The Debate over Short Exposures
There is a raging debate over short exposures vs long. The decision to use one over the other is multi-faceted. Here are some reasons to consider short exposures over longer ones:
1. Your mount isn’t up to the task.
2. You live in a zone where aircraft frequently buzz by.
3. You have clear skies but with intermittent clouds.
4. You are a EAA practitioner.
If none of these apply to you then you should open yourself up to the benefits of longer exposures. I’d like to present two examples. The first one has both signal and noise so it easily applies to imaging:
1. Imagine it is the dead of night and the world is asleep. You wake up suddenly and whisper to your partner: “Did you lock the front door?” Their reply is “Yes, now go back to sleep.” This conversation was possible due to a low-noise environment. Now consider a high-noise environment like Niagara Falls and try to whisper. Nope, doesn’t work. You need to raise your volume. Some people might interpret this as the reason why you need longer exposures with CCDs. This is true but please understand that CMOS and CCD both benefit from longer exposures. Imagine that you are back at Niagara Falls and your partner finally finds a voice level that you can just make out, barely. Doesn’t it seem reasonable to ask for louder voice levels just to be absolutely, positively clear what they said?
This next example is an analogy. Take it for what it is worth but I think it does a good job of explaining why increasing exposure is beneficial even when it means that you are recording high levels of sky glow:
2. Imagine that you are at an automobile drag strip. One car can travel at a maximum speed of 100 feet per second and the other at 110 fps. Assume that when the light turns green that they can immediately accelerate to their maximum speed. After 1 second they have traveled 100 ft and 110 ft, respectively. Only 10 ft separate the two. After 2 seconds they traveled 200 ft and 220 ft. Now 20 ft separate the two. You can see that the distance separating the two vehicles steadily increases as time goes by. This is the same with imaging. After 1 second you have only 10 units of brightness separating galaxy from sky glow. But after 2 seconds you have 20 units of brightness separating them. And so on.
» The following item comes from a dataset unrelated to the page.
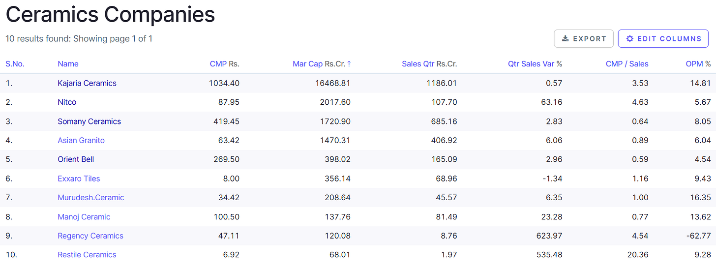 You can clearly see they have acquired large scale with the sales per quarter numbers, leaving Orient Bell far behind.

Like I said not everyone can run longer exposures for the reasons that I listed above but there is one other consideration to be mindful of. Foreground stars are the brightest objects in your field of view. The longer you keep your shutter open the more the risk of saturating the brightest stars. The saturation level is very much dependent on your camera. CCDs are very good at this because they generally have much deeper ‘wells’ than CMOS and can hold more electrons (i.e. photons). But this is all a matter of taste. Personally I don’t like saturated stars so I try to crop them out when I can.
Finally, what about stacking? Stacking helps increase signal-to-noise in both CMOS and CCD, however keep in mind this inequality: 100x 1-second exposures does not equal 1x 100-second exposure. You will always get better results in less total time when increasing exposure. You don’t have to go crazy. Just try doubling and then go from there.
The fallacy of the perfect exposure:
Your choice of exposure is akin to a multi-lane highway — both have boundaries. Highways have shoulders — veering one way sends you into a gully, and the other way into oncoming traffic. Likewise with imaging, too short of an exposure records nothing of interest, and too long saturates stars and potentially damages the frame by passing aircraft and clouds. What lane you travel in depends on your skill level and risk tolerance.